The critic with the most clout was not in Yerushalayim but in Camp David, Maryland. President Barack Obama said on Sunday that given the makeup of the Netanyahu government, a “big, overarching deal” with the Palestinians was probably impossible in the near term.

Obama said he believed the two-state option was the best for the long-term security of Israel, but acknowledged the prospect of a peace accord “seems distant now,” noting that a number of members of the new Israeli government did not want a Palestinian state, Reuters reported.

Inside Israel, focus shifted somewhat to the newly-appointed Deputy Foreign Minister Tzipi Hotovely. The right-wing Likud MK, 36, is an outspoken opponent of the bilateral solution.

Netanyahu has taken flack for choosing Hotovely over more moderate possibilities, such as Likud’s Tzachi Hanegbi or Avi Dichter. However, The Jerusalem Post quoted sources close to Netanyahu as saying that he will set foreign policy, not Hotovely.

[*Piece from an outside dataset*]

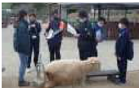
飼育員さんからの聞き取り調査活動

用させていただき、若松台小・若松小付近から登校している生徒を段階的に下車させる配慮をすることもできました。ご協力をいただいた両施設の方には、この場をおかりして厚く御礼を申し上げます。ありがとうございました。

“The policies will be those of the prime minister as they would be had he appointed a foreign minister who was not himself,” said a source involved in the appointment process.

“Hotovely will implement his policies. She has proven her skills and abilities in the past and she will be a terrific deputy minister.”

Hanegbi, a veteran politician, who was appointed coalition whip and chairman of the Knesset Foreign Affairs and Defense Committee, was not optimistic about the staying power of the coalition.

“It will be very difficult to maintain this coalition for the full four-and-a-half-year term,” he told reporters. “I think everyone understands that. It is possible for it to go the full term, but for that to happen more parties need to join in the coming months.”

Probably the most controversial appointment, though, remained that of Jewish Home party’s Ayelet Shaked as Justice Minister.

In her inaugural speech on Sunday, she sought to counter the image of a right wing radical out to smash Israel’s liberal judiciary, presenting herself instead as an advocate of balance in a democratic system.

“The justice system is a foundation of our existence as a democratic society, I will not be the one to soften its bite,” Shaked said.

“But I will also not allow it to eat away at the legal authority of the legislative and executive branches. We must find the formula for the right balance between the branches.” The High Court’s judicial review of legislation, and instances in recent years in which it has struck down new laws, have outraged right-wing and religious parties.

Since entering Knesset in 2013, Shaked, a 39-year-old former software engineer, has backed a number of controversial bills that would have an impact on the court’s powers.
One bill proposed by Likud and Jewish Home would make it easier for the Knesset to override judicial quashing of a law.

Another seeks to limit the court’s ability to strike down laws by requiring such decisions be considered by a full 15-justice panel.

But the new government’s one-seat majority could limit Shaked’s ability to effect sweeping changes.

“She (Shaked) has no majority,” Yossi Beilin, a former Justice Minister from Labor Party, told Army Radio. “My concern that she could take the Israeli justice system back to dark days exists, but it is minor.”

Meanwhile, the Likud No. 2, MK Gilad Erdan, was still on the outside. Erdan had wanted to head the Foreign Ministry, but Netanyahu offered the Public Security portfolio instead.

In an online statement on Friday, Erdan maintained that the prime minister had offered him Public Security but not an adequate budget. “[It] did not give me the necessary tools to impact the real change we need in the Public Security Ministry.”

Erdan, who is the outgoing Interior Minister, gave a parting shot at a changing-of-the-guard ceremony on Sunday afternoon, blasting Netanyahu for agreeing to Finance Minister Moshe Kahlon’s demand to transfer the Building Planning Directorate from Interior to Finance.

“Transferring the Planning Directorate can cause ‘a planning disaster’ that can harm the citizens of the country,” Erdan said. “It will be swallowed by the Finance Ministry whose entire goal and interest is economic.”

Erdan claimed that the decision will undo his efforts to solve the housing shortage.